Why every quarterback needs a drone

Drones are obviously a useful tool for many industries — and it seems as though the industry of being a pro quarterback might have some use for drones too.

That was showcased in the NFL’s Pro Bowl Skills Showdown which aired over the past weekend. The Precision Passing event incorporated, yes, a drone.

During the Precision Passing event, each of the conference’s three quarterbacks battled it out in a one-minute accuracy competition, attempting to accumulate points by hitting as many targets as possible. The quarterback with the highest individual score among all participants was the winner, earning three points for his conference. There were a total of 10 targets, some static and others moving (and each worth a different amount, ranging from one to five points).

One of the toughest targets was one hanging off of a drone that flew back and forth on one side of the field.

You can check out a 10-minute clip of the whole NFL Pro Bowl Skills Showdown Precision Passing event here, and if you start at around the 6:10 mark, you can even see the drone-touting target get hit. And no, the drone doesn’t come tumbling down.

Watch the creative ways a quarterback uses a drone via the NFL Pro Bowl Skills Showdown here (depending on your region, you may have to click out to the YouTube link to watch this video, as the NFL has certain sharing rights):

It’s all kind of comical, and shows that the creative use cases for drones are pretty limitless — even if you’re a pro NFL quarterback. A contraption to build a moving target could be complicated and expensive, but considering you can get a solid DJI drone for less than $400 (thanks, new DJI Mavic 2 SE!), a moving target doesn’t have to be.

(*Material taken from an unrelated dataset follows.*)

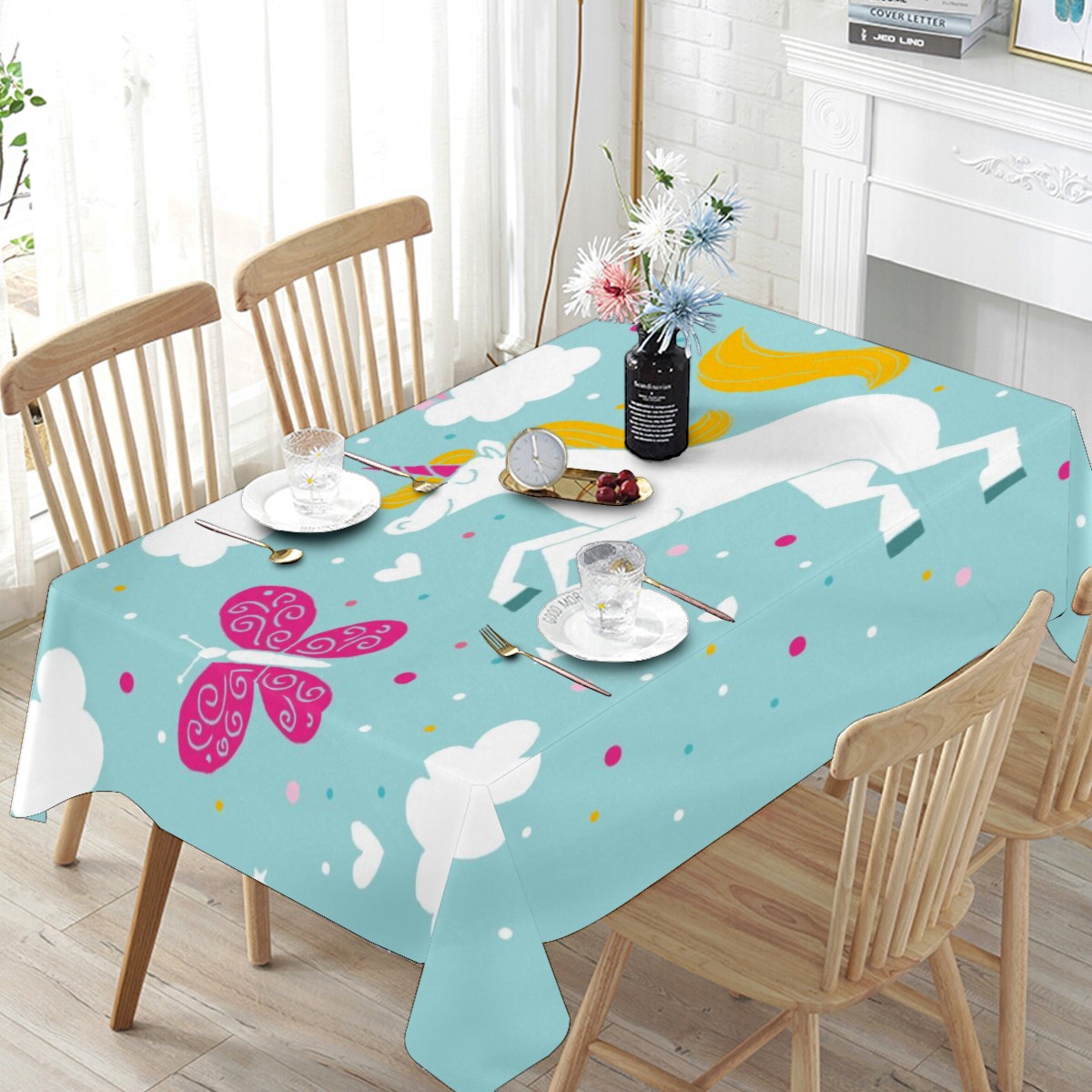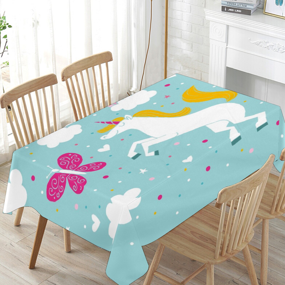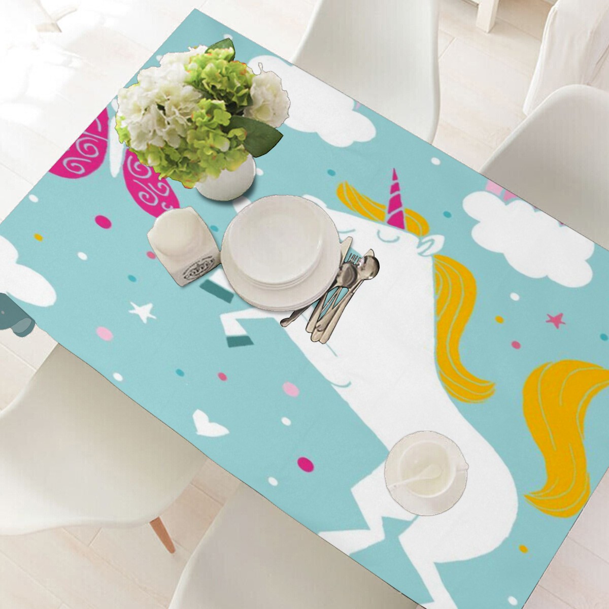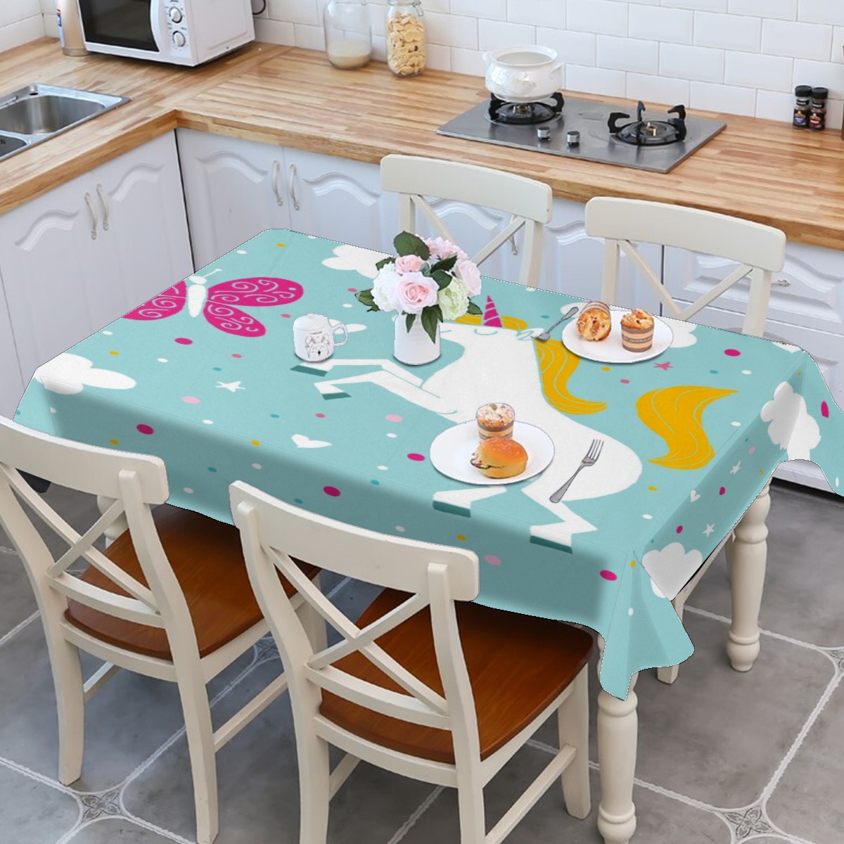 Rectangle Tablecloth Unicorn Rainbow Butterfly Cloud Table Cloth 54x54in Table Cover for Kitchen Dining Table Party Home Decoration Washable Table Runner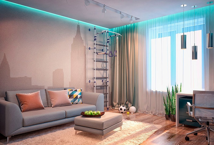 - practicality. Such anchoring is appropriate in rooms with low ceilings, thus it is possible to organize the space by visually increasing its height and volume;

This is not actually the first time that drones have been used in the NFL’s Pro Bowl Skills Showdown. In 2017, the NFL added an activity called the WR Drone Drop, where a drone flies high into the air and drops a football for a receiver to catch.

Speaking of the NFL, don’t forget that this weekend is Super Bowl Sunday. It’s set for Sunday, February 12 at State Farm Stadium in Glendale, Arizona. And as is the case every year, the area is a “No Drone Zone” for most of the weekend. The Temporary Flight Restriction (TFR) around the area is pretty wide, so basically don’t plan on flying a drone around Phoenix this coming weekend.